In March 2015, Isaacs resigned from his position as director of the Christchurch Central Development Unit (CCDU), believing it was the right time for him to move on, stating in an interview: "when I look at the areas for which I'm responsible they are all sufficiently advanced".

==== Criticism of process ====
Isaacs made final decisions on the demolition of buildings in the central city, including heritage properties. Some of his decisions were controversial and drew criticism from organisations such as the New Zealand Historic Places Trust, particularly Isaacs' consultation process and decision to sign demolition notices for Christ Church Cathedral and Majestic Theatre. Some business and community leaders, including Humphry Rolleston and Tony Sewell, questioned the experience and potential conflicts of interest in CCDU leadership and processes, challenging Isaacs by implication. Following a review and restructuring, Isaacs continued to lead the CCDU.

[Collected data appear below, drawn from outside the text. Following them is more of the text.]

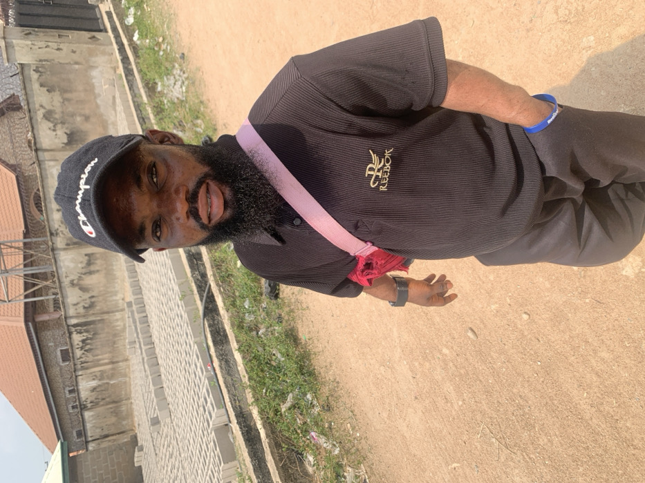 An adult male, exhibiting dwarfism, stands outdoors on unpaved light brown earth in Eika-Adagu New Layout, Nigeria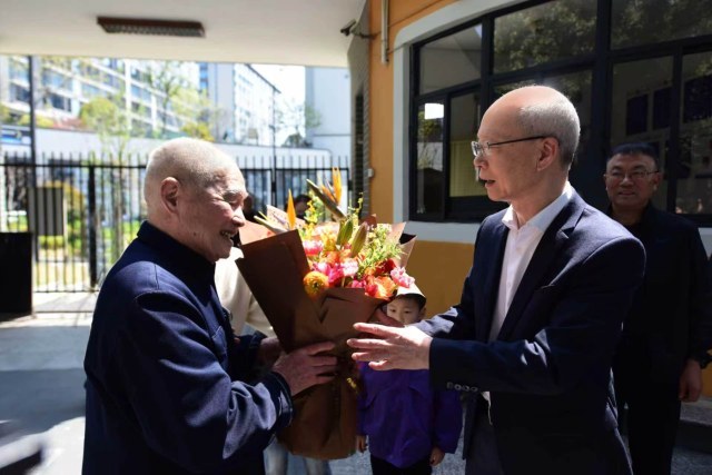 “王爷爷好!王爷爷好!”春日午后,宁海兴华幼儿园的孩子们像一群欢快的小鸟,涌向一位白发老人。老人弯下腰,孩子们的小手拉住了他那双布满皱纹的手。这位被稚嫩童声包围着的老人叫王春文,今年已经98岁,他笑眯眯地看着孩子们,眼神里满是慈爱。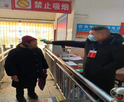 2021年1月20日星期三,邓丁丁同学来城中社区管辖范围湘运汽车站进行疫情防控志愿者。手里拿着体温枪对每位来往的乘客进行体温测量并且进行登记,保证了乘客们的乘车安全。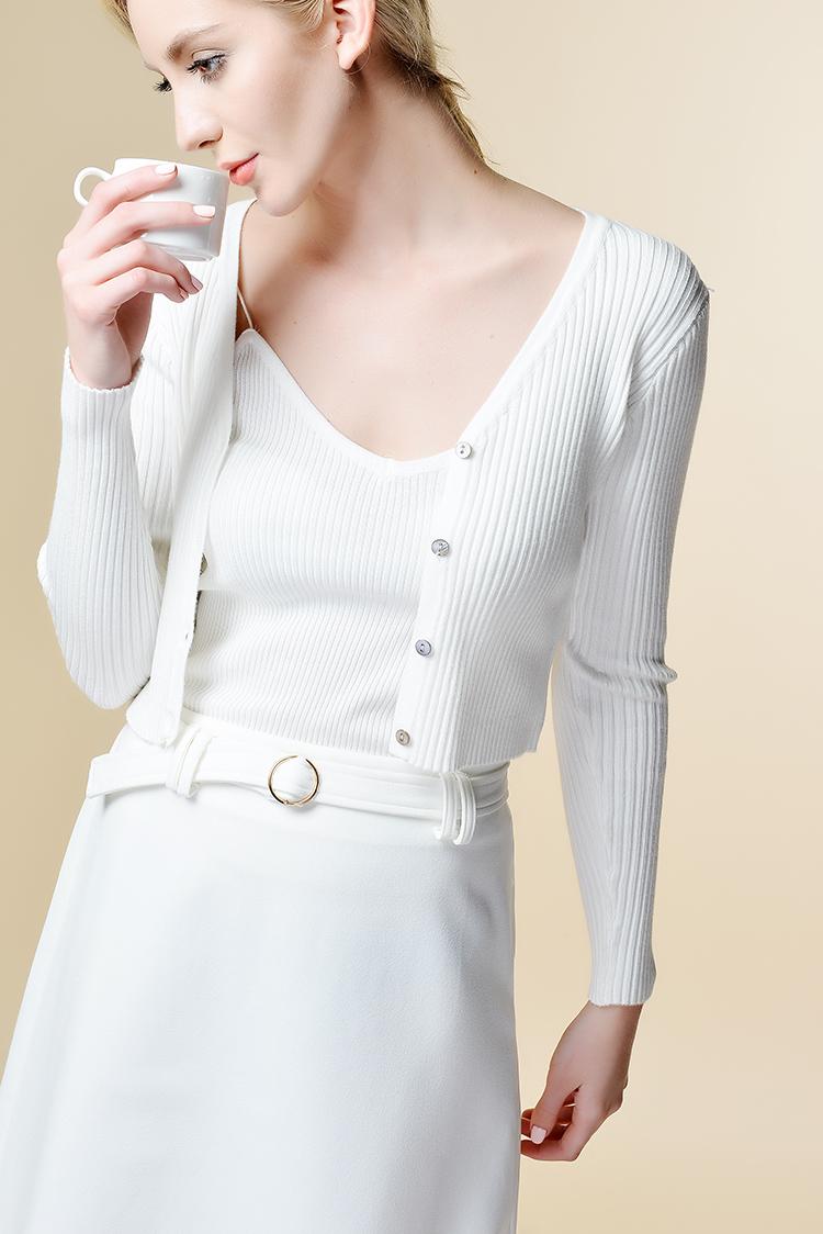 此款針織衫,小V領的款式,讓小臉看起來更加的精致,豎向螺紋坑條設計修飾身形,短款版型露出內(nèi)搭背心吊帶,完全不用擔心遮住你想要展現(xiàn)的美。多色可選,滿足你百變的需求,適宜防曬打底,早晚出門或空調(diào)房均可穿著。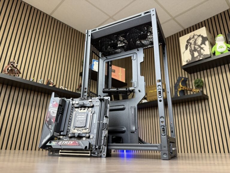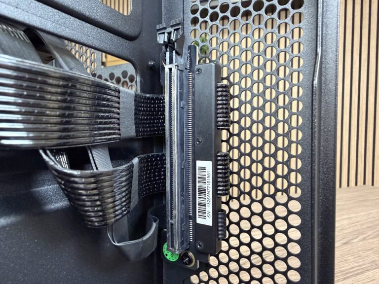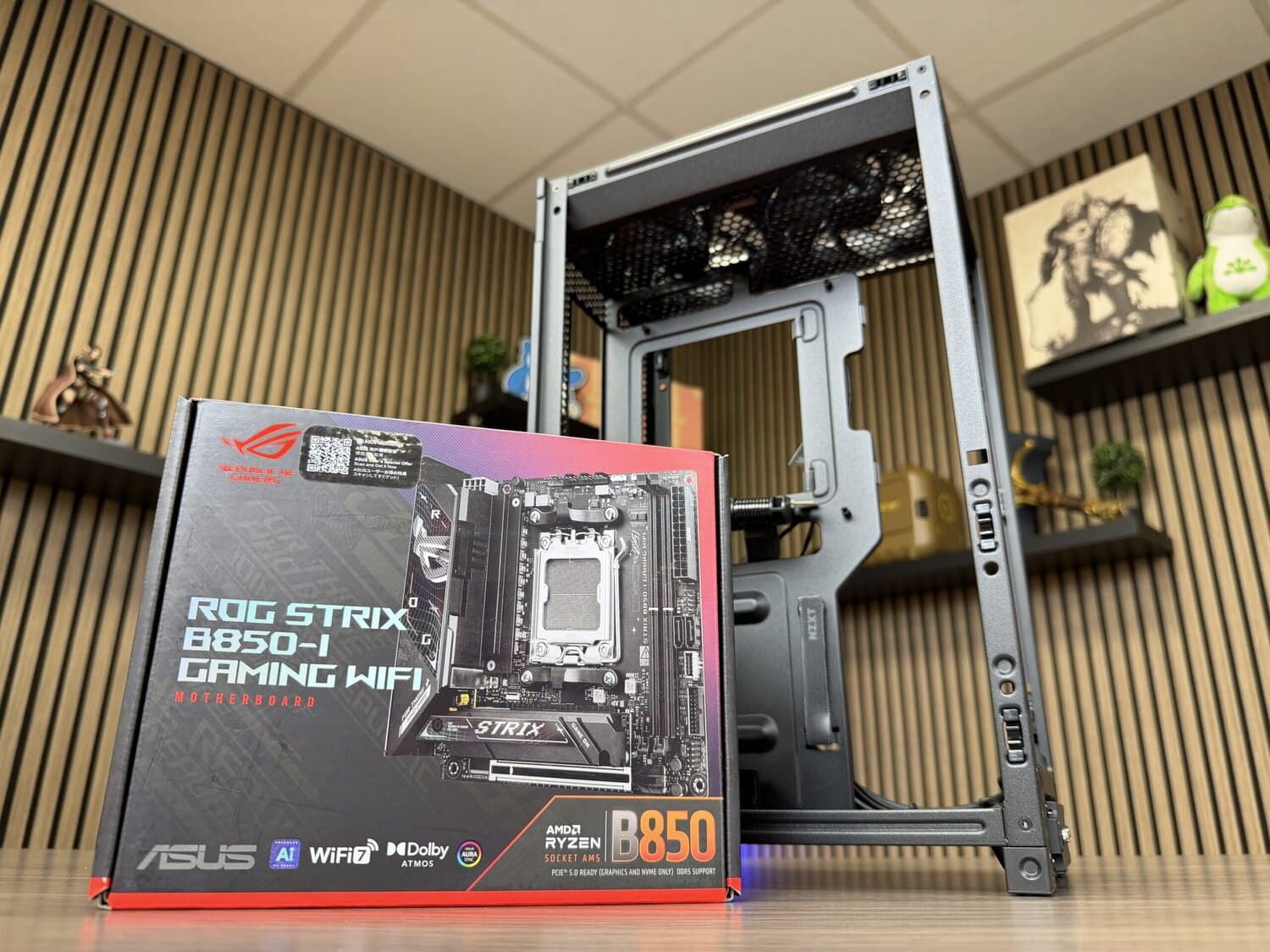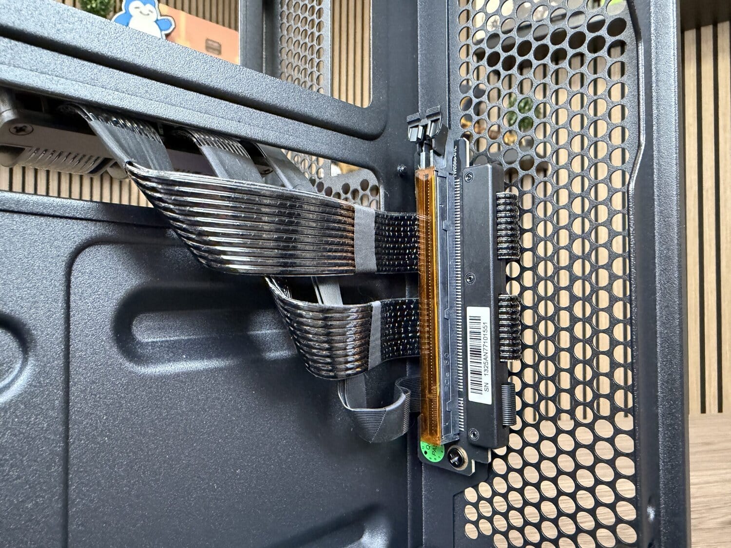 We gaan door met het leukste onderdeel van de review: het inbouwen. De H2 Flow biedt ondersteuning voor een Mini-ITX moederbord. In ons geval maken we gebruik van de ASUS ROG Strix B850-I Gaming WiFi. We hebben als eerste het moederbord op zijn plaats geschroefd, waarna we direct de PCIe 5.0-riserkabel hebben aangesloten op het PCIe 5.0 x16-slot. Je merkt écht dat de kabel vrij stug is, dus het kan even priegelen zijn.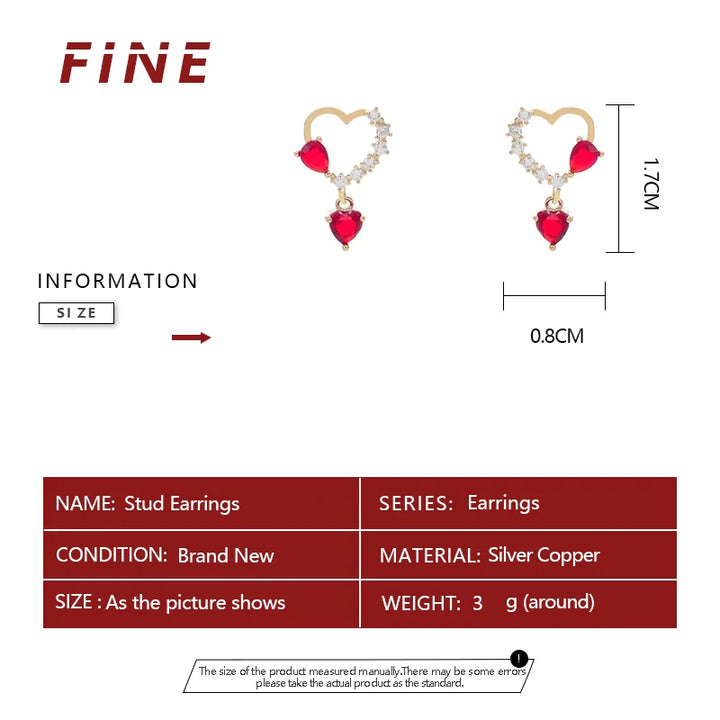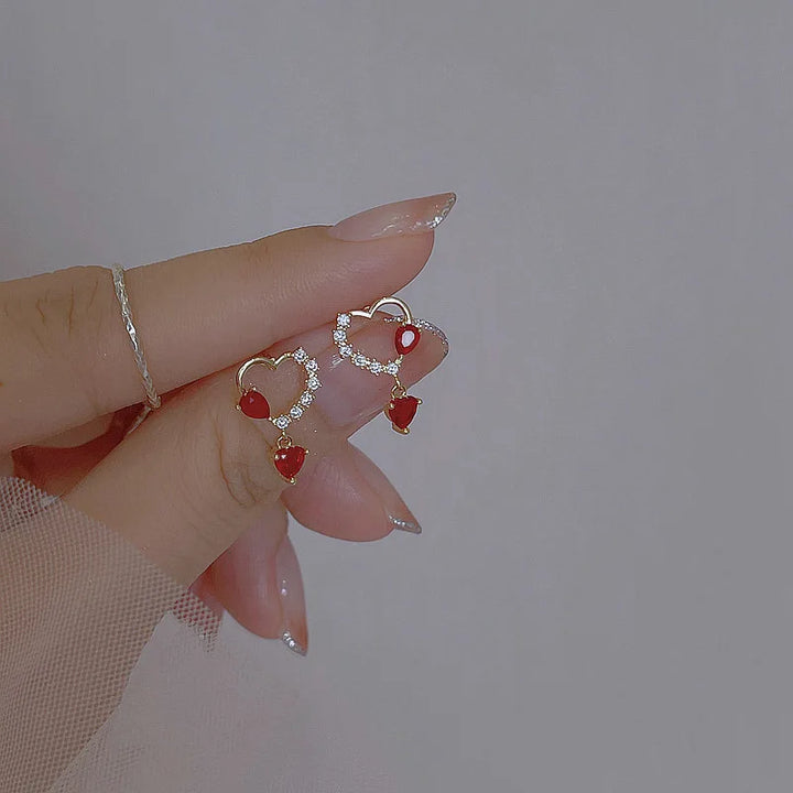 2023 New Fashion Sweet Heart Red Drop Earrings for Women Korean Crystal Long Chain Tassel Earrings Party Wedding Jewelry Brincos

Isaacs told media he did not regret his decisions, and described the heritage issues as "the hardest part of my job", stating "I've had to make those decisions so we could move on with the recovery of the central city".

=== Stonewood Homes (2015–present) ===
Following his departure from CERA, Isaac's immediately moved into the role of chief executive for Stonewood Homes, a residential construction company. Stonewood also hired Jim Boult and Neil Cochrane, two other prominent business figures in Canterbury. Isaacs remained in Christchurch but oversaw all 21 franchises across the country.

In 2016, Stonewood Homes faced collapse due to financial issues. Isaacs claimed he had raised concerns about the company's financial state shortly after taking the role as chief executive, but his concerns were "allayed" by executives. The company was bought out by Inno Capital, who rehired Isaacs on a 6-month contract as acting chief executive to help with the transition to new ownership.

In 2017, Isaacs and James Parker jointly took over the Christchurch branch of Stonewood Homes.

=== Other work ===
Isaacs has been director of a series of companies, mainly related to property. Isaacs was on the South Canterbury District Health Board. In 2024, government Transport Minister Simeon Brown announced Isaacs would join the NZ Transport Agency board for a 3-year term.